I am at the hardware store in town, the one where they have all of the stuffed animal heads hanging above the checkout counter. Next to the glassy-eyed water buffalo, there is the head of a horned goat of epic proportions. Like something you would read about in one of C.S. Lewis' books. (If he was alive, that goat would probably talk like Shakespeare and save humanity from itself.) His massive horns curl back over his ears and behind his head to come out pointing straight at you. I believe if I saw such a magnificent creature in person; in three dimensions; in real life; not in one of my children’s picture books; not on TV; and not stone-cold dead, stuffed, and nailed up on a wall; I might fall to my knees and worship him or his maker.

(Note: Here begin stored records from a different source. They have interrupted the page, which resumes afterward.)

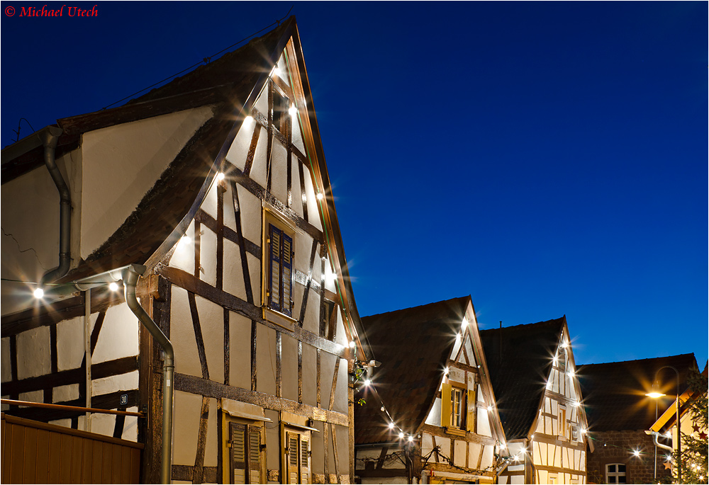 Die Dächer der Fachwerkhäuser, anders bekommt man die geparkten Autos nicht aus dem Bild.
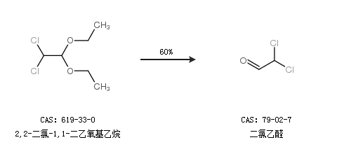 1.通過2,2-二氯-1,1-二乙氧基乙烷合成二氯乙醛,收率約60%;
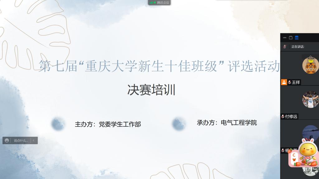 为开展好第七届“猫都论坛 新生十佳班级”评选活动,提升参赛班级的战斗力和表现力,促进班级团结向上、积极进取,以更优秀的班级风貌迎接决赛的到来,2022年5月22日10:00,第七届“猫都论坛 新生十佳班级”评选活动决赛培训在腾讯会议举办。本次培训邀请到党委学生工作部付修远老师和材料科学与工程学院任超老师,两位老师有着丰富的大赛组织和指导经验,对班级建设的理解新颖独到,富有指导意义。付修远老师对本次进入决赛...
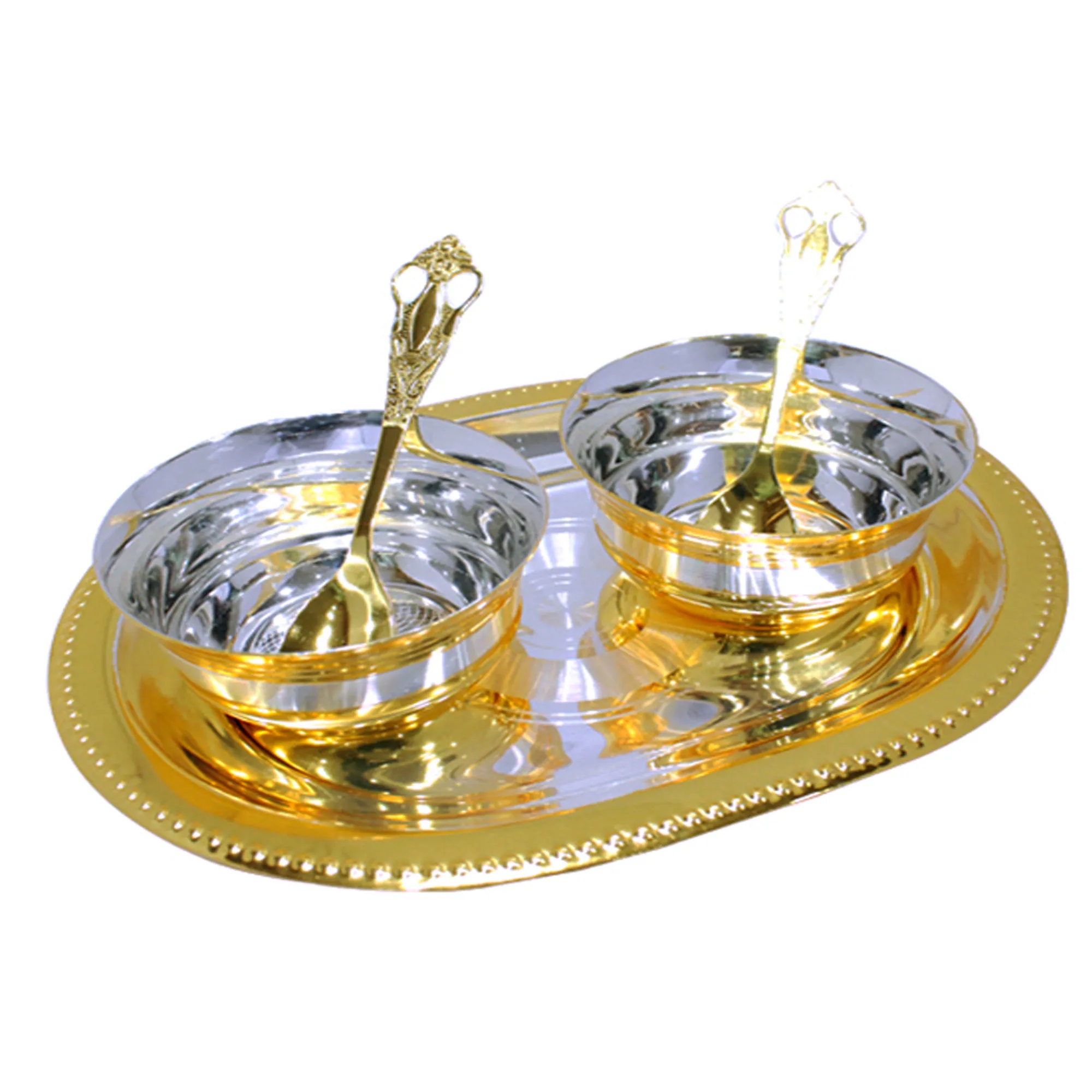 Desiner Gold Silver Plated Oval Tray 6 Pari Bowl 6 Spoon Set
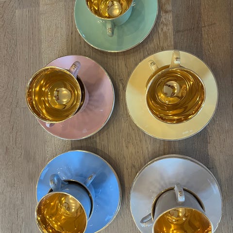 Fineste sæt med kop og underkop fra norske Figgjo Flint. Stellet hedder Margrethe. Jeg har to sæt; et mintfarvet og et grå/sand. Begge er guldfarvet indvendigt. Det grønne fremstår let krakeleret i overfladen men begge sæt er intakte og uden skår. Måske dine nye espressokopper?
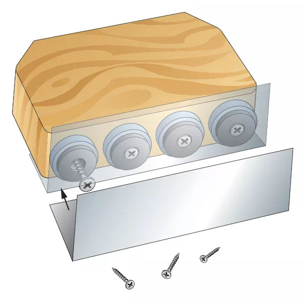 With this Homemade Metal-Pickup Tool, David Wilhelm (Cedar Grove, IN) can more easily retrieve nails, screws, nuts, or any other small metal objects, whether on his shop floor or work bench. The devise is simply a 6-inch-long piece of 2 x 4 into which are screwed (on the 6-inch edge) a line of four strong round magnets that have holes in the middle. Covering the magnets is a piece of aluminum flashing creased to fold under the 2 x 4. To operate, Wilhelm holds the flashing in place to pick up the metal objects. Once the bottom is full, he pulls the flashing away from the magnets and the pieces drop off, which is easier and safer than scraping them from an unprotected magnet.
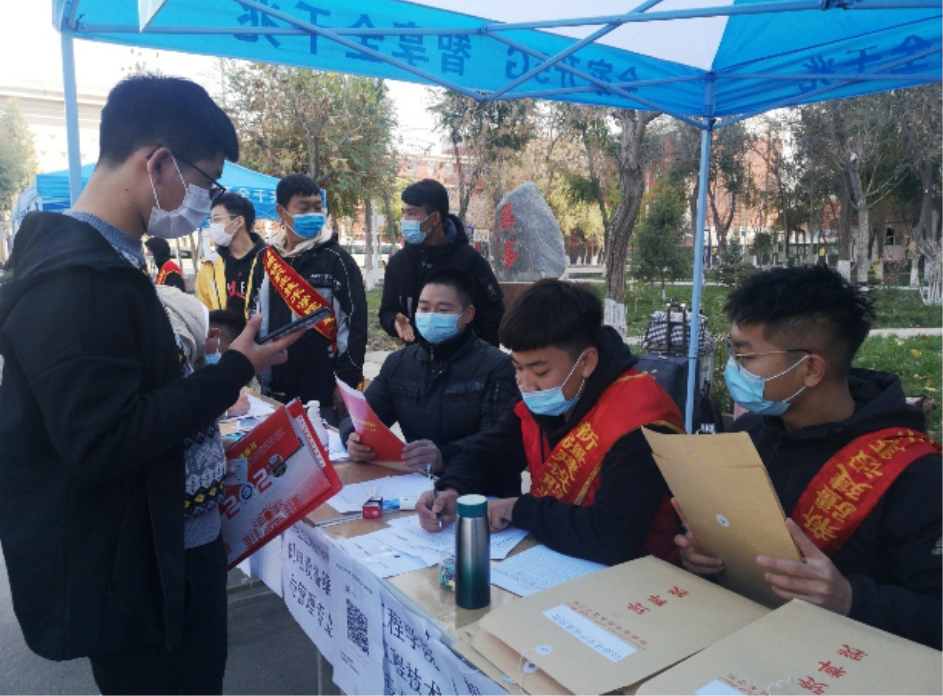 为全面做好疫情防控和迎新工作,学院安排了22名教师和18名学生志愿者在乌鲁木齐火车站、新客运张、南郊客运站接站,各二级学院都组建了学生志愿者服务队,帮助新生办理报到手续。
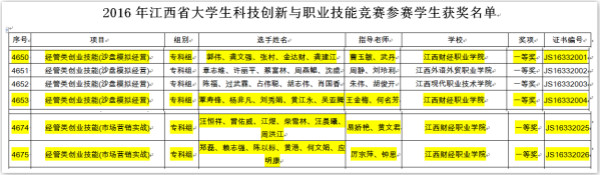 近日,从江西省教育厅网站获悉,beat365学生在2016年江西省大学生科技创新与职业技能竞赛(专科组)市场营销实战和沙盘模拟经营赛项中再创佳绩,共获得一等奖4项,曹玉敏、易娇艳等老师荣获了“优秀指导教师”称号。
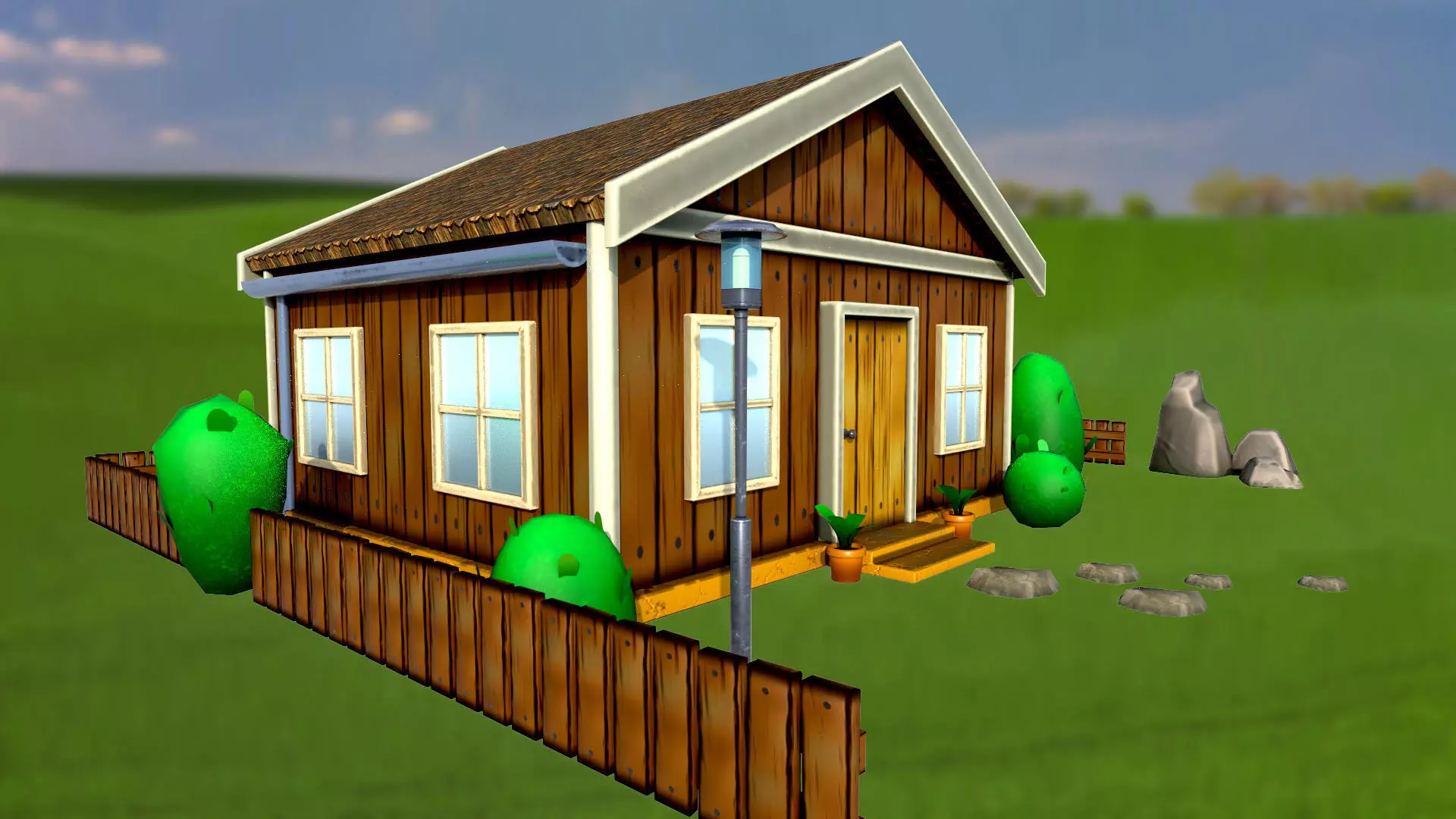 Set of stylized house bushes trees well stones fence PBR low-poly game readyall models are separatedPolygons 294Vertices 310Textures_2K_4K -JPEG,PNG (Unreal Engine 4)
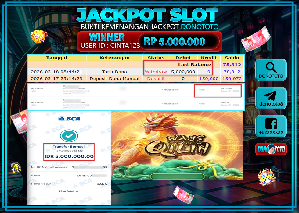 Bukti Jackpot DONOTOTO Slot Online Rabu 18 Maret 2026 5.000.000 - LUNAS
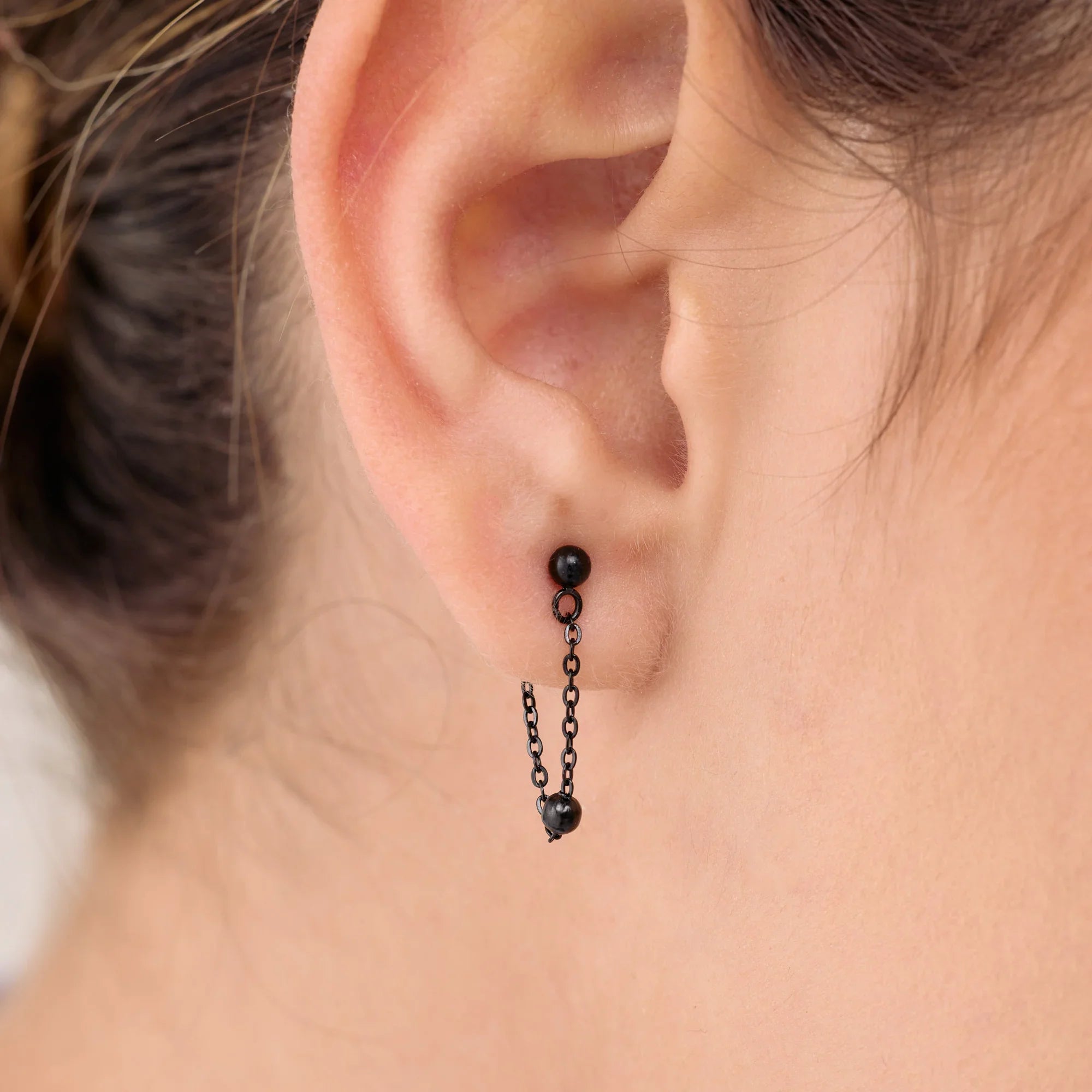 Los Aretes Bodena son una combinación perfecta entre delicadeza y emoción: un topito unido por una cadena fina a un dije de bolita liso que se balancea suavemente con cada movimiento.
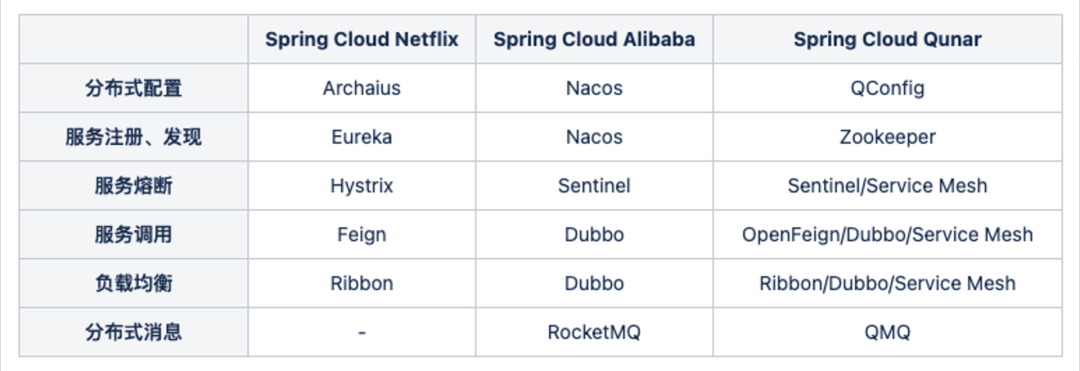 对应地可以看到 Spring Cloud Alibaba 也有自己的实现,像 Nacos、Sentinel、Dubbo、RocketMQ 等等。我们其实就在思考着去哪儿网自己有这么多自研的组件,是否能够适配 Spring Cloud 这样的一套标准,进而去达到开发提效、互相串通组件的目的?

Twice this week I’ve rescued wrens from the now blessedly cold pot-bellied stove. Each time, there’s a fluttering of wings against cast iron like a tiny heart beating an SOS, and hinges creaking as I swing the stove door wide open. Eventually I have to chase one wren through the house, trying to herd him (can you herd a bird?) out through the French doors, but he crashes headfirst into my bathroom mirror instead. I scoop the stunned bird up into my hands. He is black with soot. Beak open. Black tongue stuck straight out. Tiny chest pulsating, heaving. I carry him to the porch rail, cradling his frail body, and lay him there gently. My husband says through the kitchen window, there’s nothing you can do. He will live, or he will die. And I know that’s true. But I am relieved when the little wren takes wing to the barbed wire along the top of the pasture fence, where he perches, still dazed, waiting.

Beyond the wire :: Flickr photo by e3000

Late last night I’m sitting on the front porch with Dennis. We are rocking back and forth on the glider, companionably sitting. The stars are like a million No.2-pencil-punched-out holes in a piece of my kids’ stiff black arts-and-crafts paper from school. And someone is shining a big bright light through them from behind. I wonder exactly who he is and why.

I finally say, “Dennis, this life is just too short for everything.”

He looks up at the stars. Chews over what I've said for a moment. “Yep,” he says.

We go inside.

On the mesa above our little ranch, the elk are sleeping.